Расчет был прост — недалеко от намеченного мною места над водой нависали густые прибрежные заросли. Они помешают Артемиде прицелиться. К тому же расстояние для ее лука будет уже великовато — она пользовалась отнюдь не английским вариантом этого оружия. А стрельбы из карабина я не боялся — вряд ли псы успели подсуетиться и доставить оный. Опять же, если Артемида решит пройтись по берегу вдоль залома, чтобы выйти на прицельную позицию, ей потребуется никак не меньше пяти минут — кусты на ее берегу росли весьма и весьма густо, это я успел четко приметить. Пересекать же реку по залому она вряд ли решится — не мост, в самом деле, а очень непрочное и довольно коварное сооружение, с которого второпях и свалиться недолго. И хорошо, если просто под воду уйдет — без воздуха она продержится не меньше моего. Но может случиться и так, что ее бревнами раздавит.

Нет, со стороны Артемиды и ее страшного лука опасности ждать пока не приходилось. Сложнее было с псами, один из которых вполне мог поджидать меня уже на этом берегу. Тут-то я и порадовался, что она была вынуждена приспосабливаться к жизни среди людей, и вместо двенадцати псин, которых ей некогда подарил Пан, держала всего двух. Но и при таком урезанном количестве выход на берег оставался делом рискованным. Однако шансы, и даже неплохие, имелись — во-первых, возможных мест моего появления было как минимум три, а во-вторых, участок, намеченный для выхода на сушу, находился метрах в тридцати-сорока ниже по течению от залома. Я осторожно просунул голову в шалашик из сухих сучьев березы, которую лет пятьдесят назад то ли ураганом сюда уронило, то ли вместе с берегом подмыло, втянул воздуха и, снова погрузившись в воду, поплыл.

Если пес и караулил меня, то я его не заметил. Протиснулся меж ветвей, стараясь держаться как можно неприметнее, выбрался на берег и, отыскав относительно свободный от кустарника участок, побежал прочь.
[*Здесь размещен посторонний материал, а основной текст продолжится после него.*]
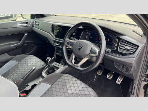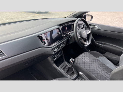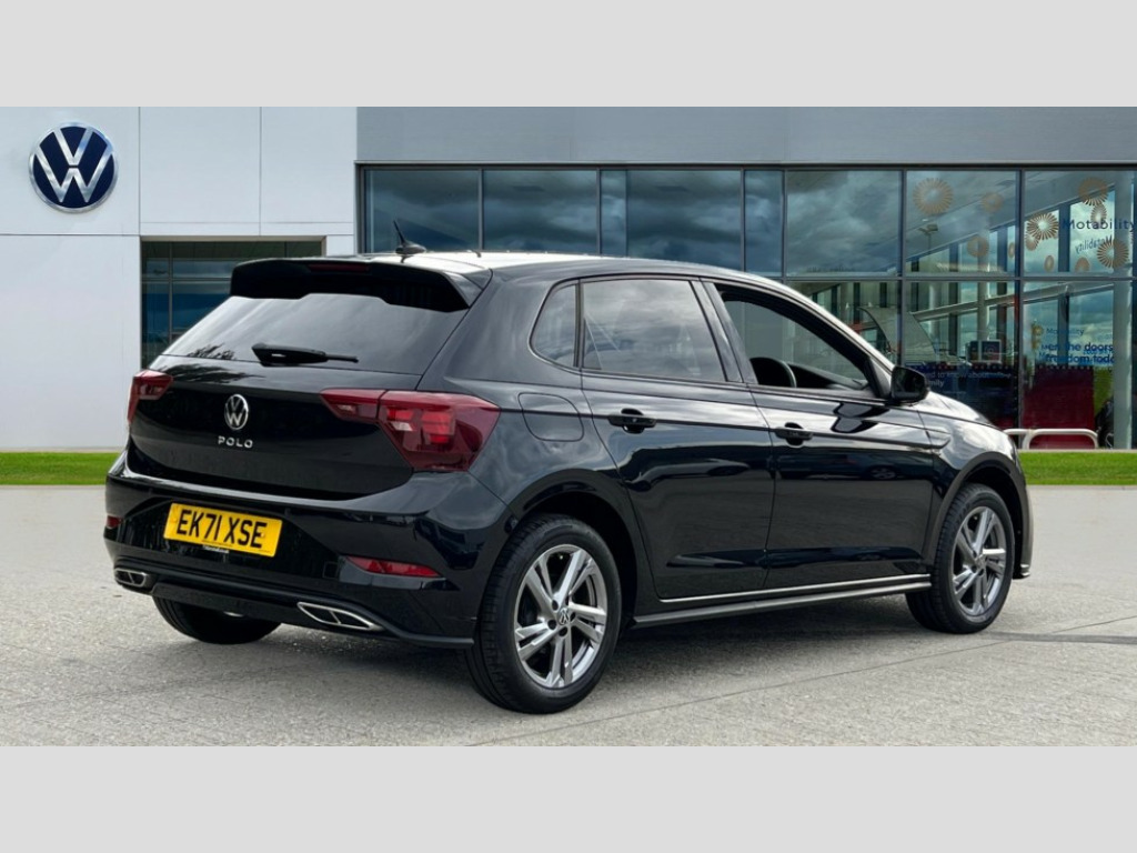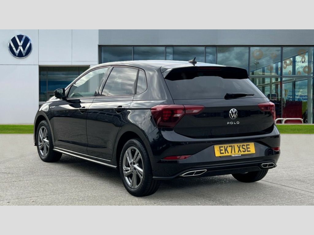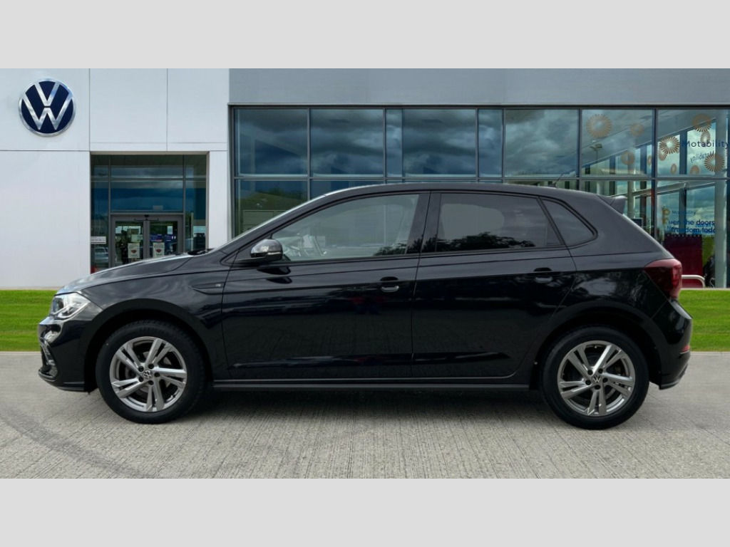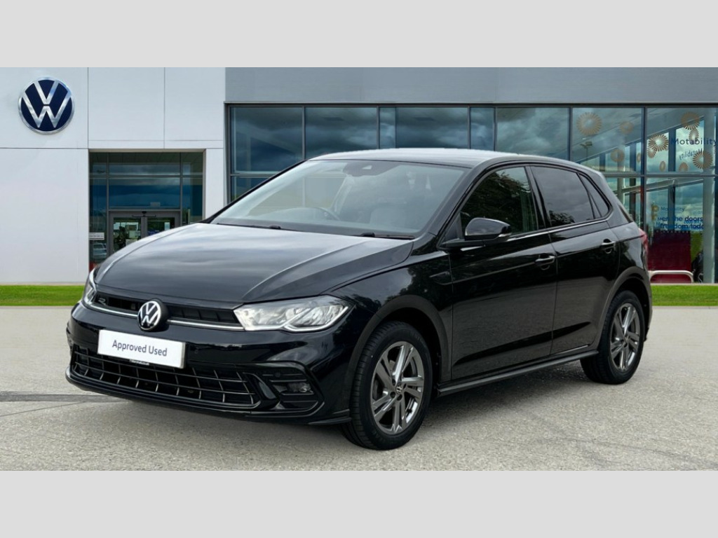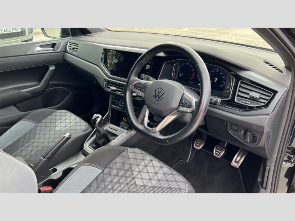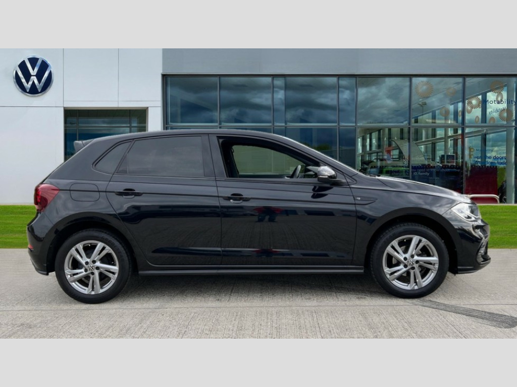 Volkswagen Polo 1.0 TSI R-Line 5dr Adaptive cruise control without follow-to-stop and speed limiter, Bluetooth mobile phone interface, Digital Cockpit Pro with 10.25" Display, Driver alert system, Dynamic road sign display, Emergency call service, Power assisted speed sensitive steering, Preparation for We connect and We connect plus, Speedo and rev counter, electronic odometer, trip, service interval display and fuel gauge, Standard rear axle, Travel Assist - Lane keeping system and traffic jam assist, Travel assist including emergency assist, Trip computer, Warning signal and warning light for front and rear seatbelts not fastened, Washer fluid level indicator, Wireless app connect, Front wheel drive, Rear shock absorpion, Start-stop system with battery regeneration (recuperation - energy recovery during braking), DAB Digital radio, Diversity antenna for FM reception, Body colour bumpers, Body colour door handles, Body colour door mirrors, Electric front windows, Front fog lights with static cornering function, Front scuff plates with R-Line logo, Heat insulating darkened glass in side and rear windows, Heat insulating glass windscreen, Power folding adjustable/heated exterior mirrors and front passenger exterior mirror lowering function, Rear electric windows, Rear fog light, Rear tinted glass from B-pillar backwards approx 65% tinted, Rear windscreen washer and wiper with interval delay, Third brake light, 12V power socket in centre console, 2 USB-C ports in the front, 2 USB-C charging sockets on the center console in the rear, 3 rear head restraints, 60/40 split folding rear seat and rear seat bench not split, Air care climatronic air conditoning system with active combination filter and 2-zone temperature control, Black roof lining, Ceramique headliner, Chrome plated radiator grille inserts, air vent surrounds and light switch surrounds, Door and side trim panel, Driver and front passenger seat height adjustment, Driver/passenger sunvisors with illuminated vanity mirrors, Front + rear carpet mats, Front centre armrest, Front footwell illumination, Front seat backrest storage pockets, Front sports comfort seats, Handbrake lever handle in leather, Isofix child seat preparation easy-fit (for two outer rear seats, and front passenger seat) compatible with I-size, Karoso artvelours cloth upholstery, Leather trimmed gear knob, LED interior light with switch off delay and dimmer, 2 reading lights front and rear, Luggage compartment cover, Luggage compartment floor, Luggage compartment lighting, Lumbar adjustment for front seats, Multifunction steering wheel, Stainless steel pedals, Standard pedal cluster, Light and sight pack - Polo R-Line/Black Edition, 3 point height adj front seatbelts + pretensioners, 3x3 point rear seatbelts, ABS, Driver and front passenger airbag with front passenger airbag deactivation, Drivers and front passengers safety optimised head restraints, ESC (Electronic stability control) + EDL (Electronic Differntial lock) and ASR (Traction control), Extended and predictive pedestrian/ cyclist protection, Front curtain and side airbags with center airbag, Hill hold control, Single tone horn, Tyre pressure loss indicator, Alarm with interior protection, Anti-theft alarm system with interior monitoring, backup horn, and towing protection, Anti-theft wheel bolts, Electronic engine immobiliser, Chrome applications on rotary light, mirror adjustment, window regulator switches, outlet with frame in black, Dark grey anodised matt decorative inserts in dash and front door panels, Low rolling resistance tyres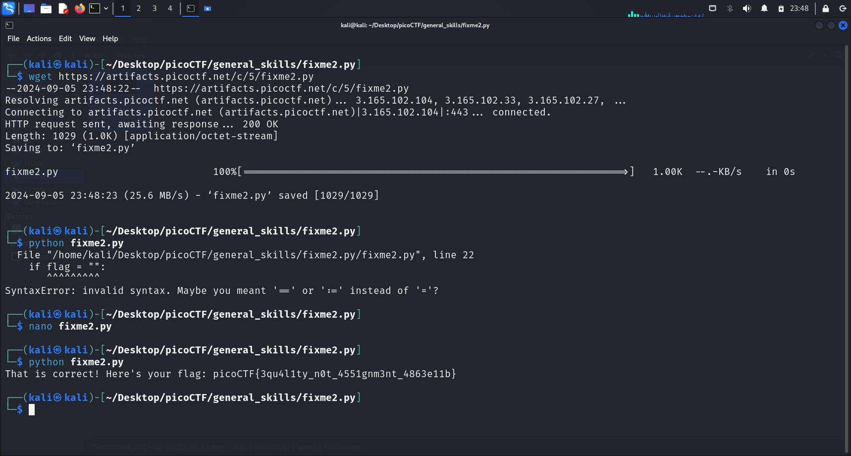 We can fix this syntax error by modifying the script using nano fixme2.py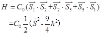 47三个自旋为1/2的粒子,它们的哈密顿量为,求其本征值和简并度。[北京大学2000研]

Было понятно, что долго такие гонки не продлятся. Как только псы обнаружат след, как только преследовательница переберется на этот берег, погоне хватит нескольких минут, чтобы настичь меня. Я бегал быстро, но в скорости передвижения по лесу значительно уступал Артемиде. Не говоря уже о ее зверях. Поэтому, пока была возможность, следовало оторваться как можно дальше и, если по пути не встретится какая-нибудь притока, снова воспользоваться Бикином для того, чтобы постараться затруднить поиски следов. Сколько смогу так продержаться, я не знал. Хотелось верить, что успею добраться до какого-нибудь селения, где Артемида не решится продолжить свою нелепую охоту. Хотя, с учетом их превосходства в скорости передвижения, с учетом того, что я остался без припасов, без оружия и даже без кальки эта надежда выглядела наивнее, чем ночные мечтания прыщавого юнца о какой-нибудь мисс мира.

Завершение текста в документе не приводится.